29 Oct 2013

Deadly storm strikes northern Europe

11:57 am on 29 October 2013

Hurricane strength winds have battered Britain and mainland Europe killing at least seven people, cutting power and forcing hundreds of plane and train cancellations.

Falling trees caused deaths in Britain and the Netherlands and there were fatalities in France and Denmark as the storm barrelled through northern Europe.

Winds of up 160 km/h lashed southern England and Wales in the worst storm recorded in Britain in a decade.

A 17-year-old girl was killed when a tree fell onto her home while she slept in the county of Kent, southeast of London, while a man in his 50s was killed when a tree crushed his car in the town of Watford, just north of the capital, Reuters reports.

A man and a woman were found dead in west London after several houses were damaged in a suspected gas explosion on a street where the storm blew a tree down.

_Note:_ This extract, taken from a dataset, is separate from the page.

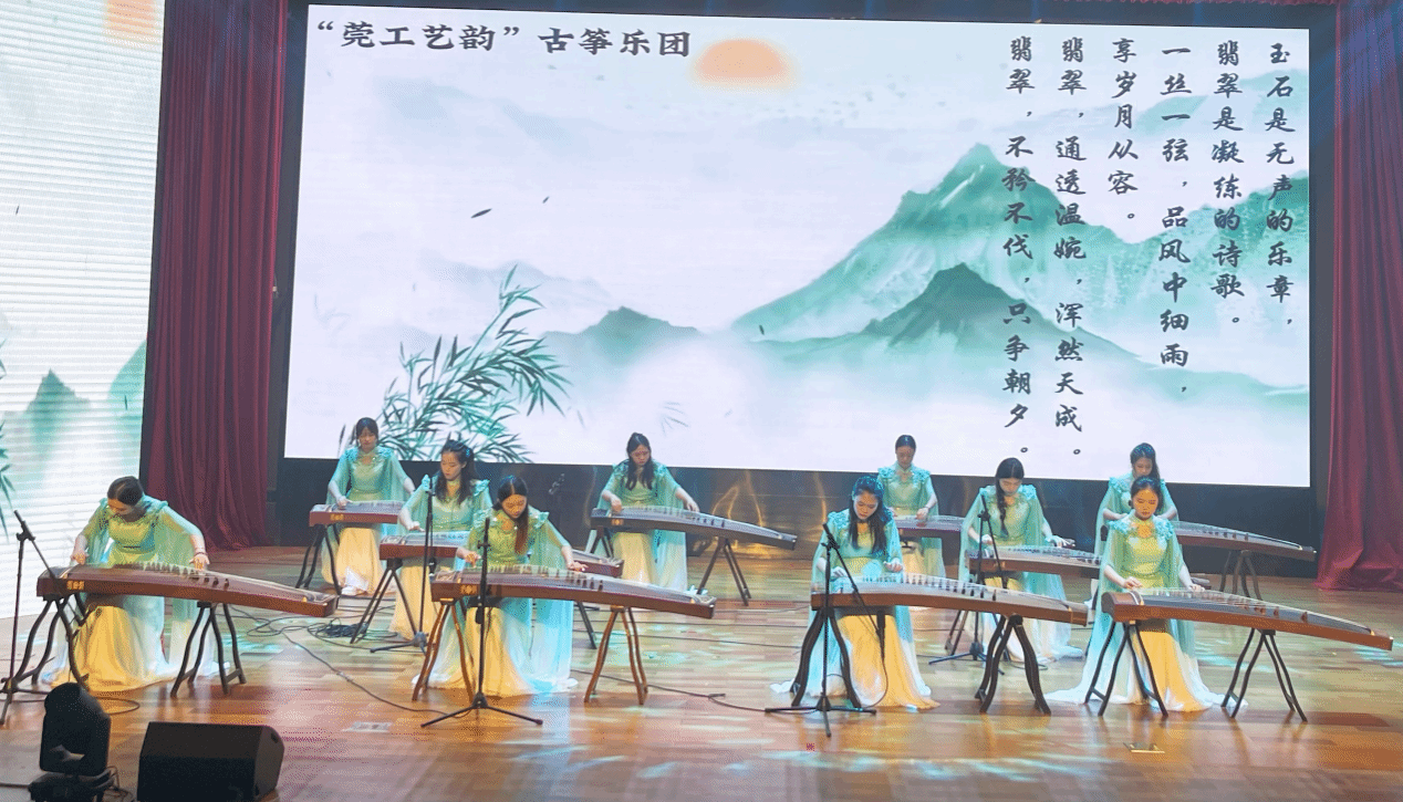 演出在“莞工艺韵”艺术团急徐有秩的《鼓诗》中拉开帷幕,大朗镇中心小学一年级舞蹈队带来的《七卜咙咚呛》亦极具地方特色,孩子们模仿鲁西北老爷爷制鼓、打鼓的节奏,承载着最纯朴的中国梦。“莞工艺韵”古筝乐团的重奏《翡翠》,曲风清新动感、韵律十足,展现出莞工学子温润如玉、玉汝于成的优秀品质。中心小学师生带来的民乐合奏《醒狮·龙舟》曲调热烈活泼,代表着新时代少年昂扬向上、奋发进取的不懈追求。“莞工艺韵”舞蹈团的原创舞蹈《玉兰颂》以东莞市花白玉兰为创作灵感,展现出莞工人敢于开路冲锋、砥砺前行的精神面貌。歌曲《萱草花》《踩到猫了》《我们有个梦想叫青春》《绒花》《小池》《Siyahamba》,或洋溢着纯真的童趣,或充斥着青春的激情,或诉说着隽永的记忆,引人入胜。中心小学带来的舞蹈《十八洞夏令营》,生动演绎出城里小朋友和苗族小朋友载歌载舞的欢乐场景,形式新颖,活力四射。最后,演出在“莞工艺韵”艺术团的歌伴舞《筑梦中国》大气磅礴的旋律中落下帷幕。

London police said the tree may have damaged gas pipes, causing the explosion.

About 180,000 customers in Britain were left without power and in southern England, toppled trees damaged properties and flooding made some roads impassable.

London's Heathrow airport said 130 flights were cancelled, mostly in the morning, London's commuter train service was shut down and several Tube lines were partially suspended. Two major motorway bridges, the Dartford Crossing and the Severn motorway bridge linking England to South Wales, were shut.

A crane smashed into the Cabinet Office, a ministry in the heart of London, forcing Deputy Prime Minister Nick Clegg to cancel a news conference.

Storms strikes Netherlands

A woman was killed and two people seriously hurt by falling trees in the Dutch capital as heavy winds also swept across the Netherlands, uprooting trees and shutting down all train traffic to Amsterdam.

Hurricane-force winds of more than 150 km/h were recorded on one of the islands off the northern Dutch coast.

Uprooted trees smashed cars, homes and sank a houseboat along an Amsterdam canal. Roofs were blown off buildings and several houseboats were ripped off their moorings, police said.

Fifty flights at Amsterdam's Schiphol airport were cancelled and Rotterdam Port, Europe's busiest, said incoming and outgoing vessels were delayed.

In France, a 47-year-old woman was found dead after being swept out to sea during a cliff walk on Belle Ile, an island off France's northwestern Brittany coast where the high winds generated waves of five to six metres, local authorities said.

Winds in the north and northwest felled felling trees, whipped up seas and cut power supplies to around 75,000 homes.

A Danish man was killed in Gilleleje, north of the capital Copenhagen, by a collapsing wall when the storm later struck Scandinavia with undiminished force.